In fact, all the arguments revolve around one thing — price — and the blame for that can be laid squarely at Apple’s feet.
“Everyone acts like 99c is the eleventh commandment, that it is carved in stone somwhere… our view is let the consumer decide,” said Michael Nash from Warner Music. “Despite the many ways we can lose our business such as xingtones there has been an explosion in growth of ringtones.” Of course, the customer will decide. They’ve already pretty clearly chosen iTunes, but if labels and carriers can offer something better customers will go there. So there’s a lot of talk about bundles (or clusters) of music content, music recognition services and so on, but so far no carrier has indicated a willingness to compete with iTunes on price. Well, almost none…as Rafat reported earlier Amp’d CEO Peter Adderton said Amp’d would launch songs for 99c, and derided all the obfuscation from others in the industry about bundling ringtones and so on, bumping up the price…he claimed kids would see right through that and turn back to piracy. And in the third corner is Brad Duea, president of Napster, arguing that subscription services are the only way to go and the only innovation happening in mobile music. (“Put another dime in the jukebox? You don’t have to!”)

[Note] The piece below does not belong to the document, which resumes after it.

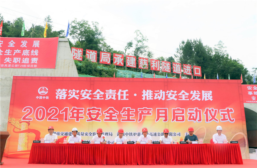 6月1日,爐慈桑龍項(xiàng)目聯(lián)合湖南省交通建設(shè)質(zhì)量安全監(jiān)督管理局在爐慈高速慈利隧道進(jìn)口舉辦“安全生產(chǎn)月”活動(dòng)啟動(dòng)儀式,中鐵交通(中鐵中南區(qū)域總部)副總經(jīng)理、中鐵中南區(qū)域(湖南)總部指揮長(zhǎng)、項(xiàng)目公司總經(jīng)理黨世偉出席儀式并作動(dòng)員講話。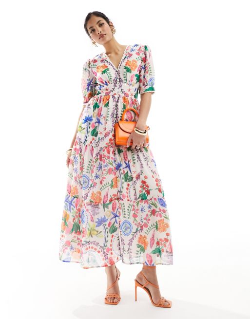 Hope & Ivy – Sukienka midi w jaskrawy patchworkowy wzór

The whole side-loading vs downloading issue is based on whether carriers will be able to force customers to buy music over the mobile network, and so far they seem to think the answer is no — although they believe customers will buy some music over the network if given the choice.
“I appreciate what Apple and Motorola have done, it really creates awareness,” said Reddick. “But I don-t think its the game changing event, that will be downloads.” Of course, Alberto Moriondo from Motorola jumped to the manufacturers defence, saying: “Motorola is not really involved in that part of the chain, its between apple and the carrier.”
I think this whole debate is going to go on for a long time…although I did think the idea of allowing unlimited downloads for a fixed price but only have room on the handset for 8-10 songs and therefore driving data revenue was novel…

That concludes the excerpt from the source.